日本の経産省と技術協力合意した「ボーイング社」とは!?

政治雑学

今回注目の記事は、日本の経産省と技術協力合意した「ボーイング社」とは!?です

その昔、日本からアメリカへ行こうとすると、およそ3週間もの日数がかかったと言われています。移動手段は木造の蒸気船でした。

約8000kmの長距離を船で、しかも現代と比べると、お世辞にも万全とは言えない蒸気船で旅するとなると、アメリカは気軽に行ってこられる国ではなかっただろうと想像できます。

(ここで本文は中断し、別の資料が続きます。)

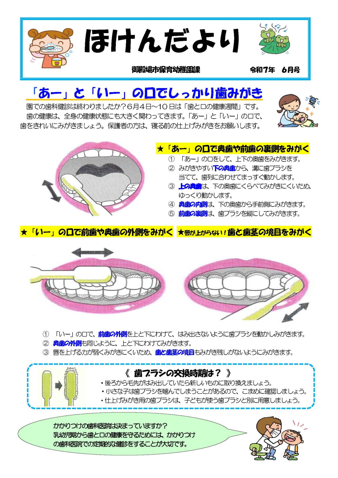 6月号 ほけんだよりの内容 「あー」と「いー」の口でしっかり歯みがき! 歯の健康は、全身の健康状態にも大きく関わってきます。「あー」と「いー」の口で、歯をきれいにみがきましょう。保護者の方は、寝る前の仕上げみがきをお願い […]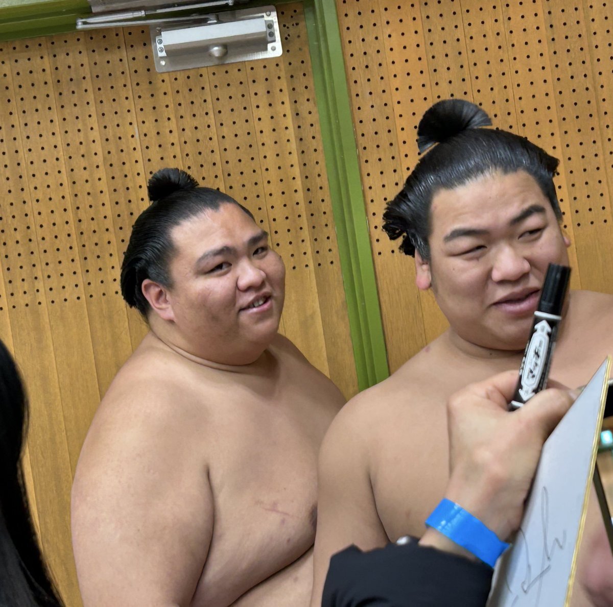 #御嶽海 みーたんと正代関 仲良しふたりの掛け合いが初切よりもおもしろいと評判なんだって😁 御嶽海後援会様インスタより instagram.com/p/DSCUuboiVCl/… pic.x.com/hklGcTW1TK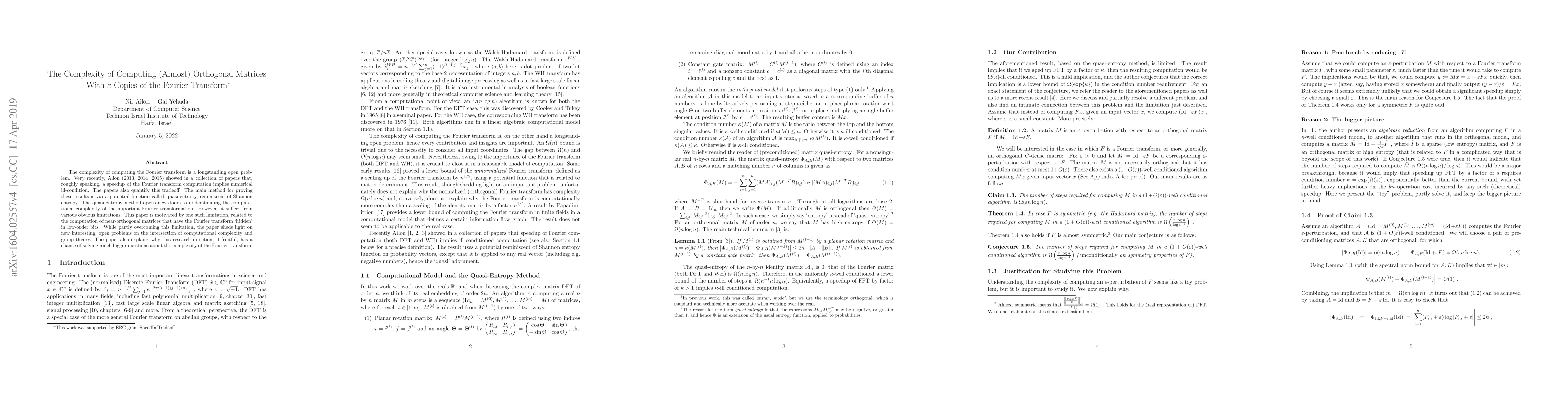 This paper explores the computational complexity of computing almost unitary matrices using $\eps$-copies of the Fourier transform, addressing limitations of the quasi-entropy method. It highlights potential for resolving broader questions about the Fourier transform's complexity and introduces new problems at the intersection of computational complexity and group theory.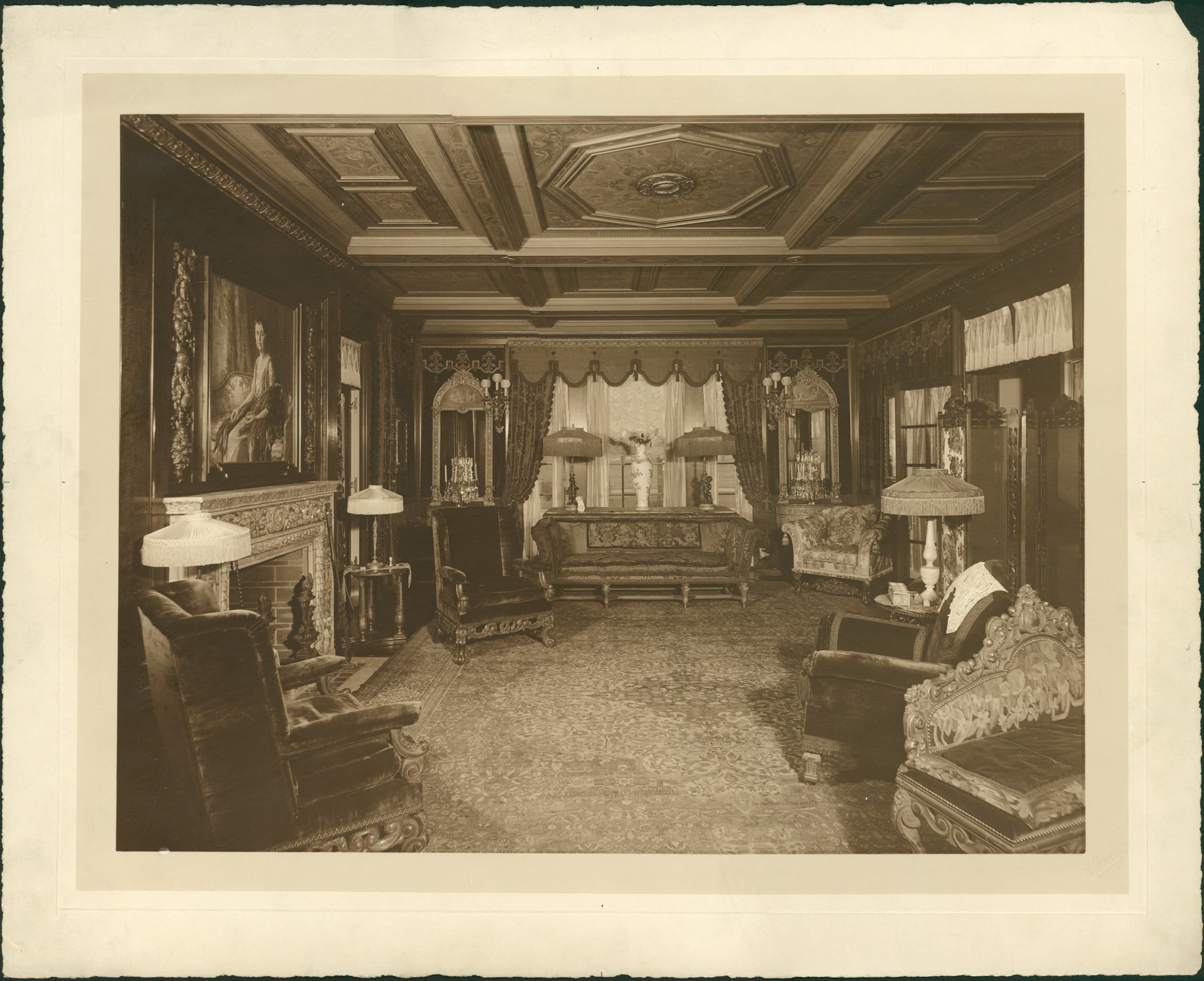 Living room with carved ceiling and carved stone fireplace over which a portrait of a woman is hung. Velvet armchairs and lamps with fringed shades, an Oriental rug and other accoutrements in room. Embossed on photo front: "Hance." Stamped on photo back: "George D. Mason & Co., architects, 508 Griswold St., Detroit, Mich."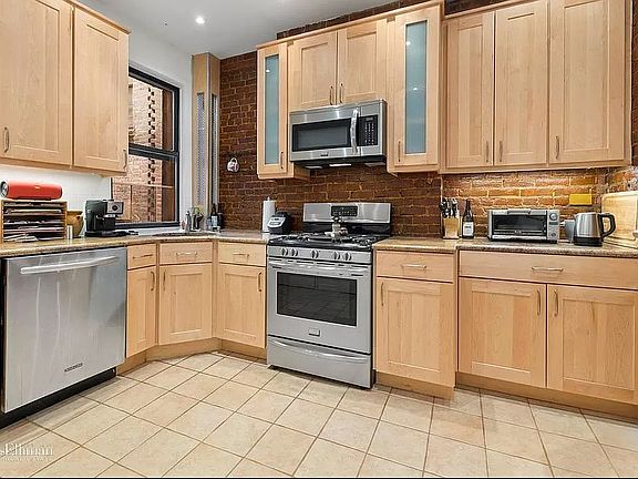 Live in this beautiful spacious and south-facing 1BR apartment in the Upper Eastside. The huge charming brick-walled kitchen is equipped with modern appliances, hardwood floors, windows in every room. Its lofty 9ft ceilings are outfitted with recessed lighting for desired ambience and ceiling fans for air circulation. The windowed bathroom has a shower stall.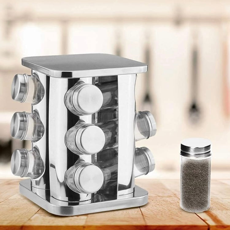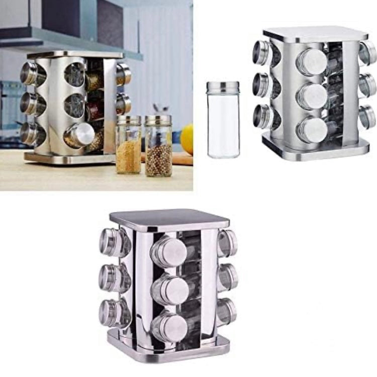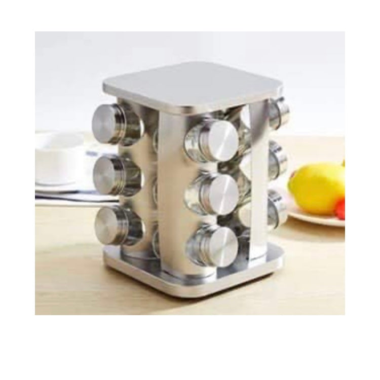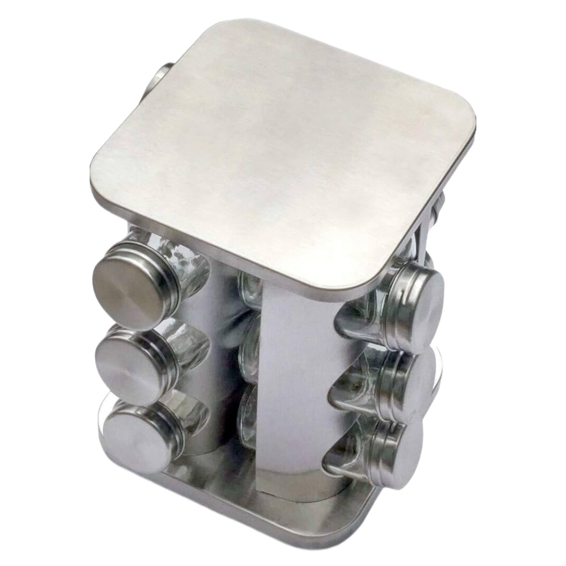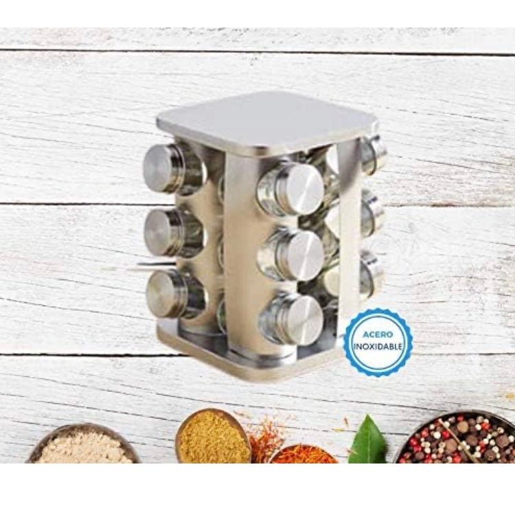 Especiero giratorio de acero inoxidable 12 frascos de vidrio y base giratoria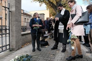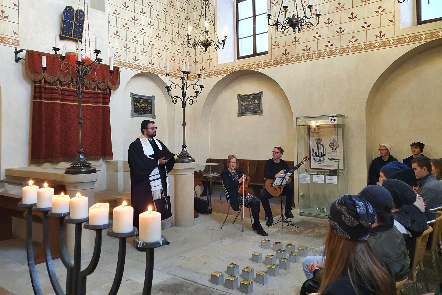 Ve 12.30 hodin začal v synagoze v Krajířově ulici slavnostní pietní akt, ve kterém rabín pronesl modlitbu za pokojné spočinutí zesnulých El male rachamim. Všech 16 kamenů s mosazným povrchem se jménem, datem narození, rokem

大船に乗ったつもりで、というわけにはいかなかったでしょう。

それから時は流れて2019年。日本からアメリカへは、わずか10時間ほどで到着できるようになりました。

移動手段は蒸気船から、飛行機へと変わったのです。

20世紀から21世紀へと文明が発展したなかで、人々や文化、情報の行き来を促進させたのは紛れもなく飛行機の発明で、その登場はまさに、文明におけるターニングポイントとなるものでした。

今、私たちの上空数千フィートには、色々な航空会社の飛行機が飛び交い、世界をぐっと近いものにしてくれています。

そんな航空業界において、まさに嚆矢といえる存在が「ボーイング社」です。

今回は、どなたも一度は名前を聞いたことがある、この「ボーイング社」についてのお話です。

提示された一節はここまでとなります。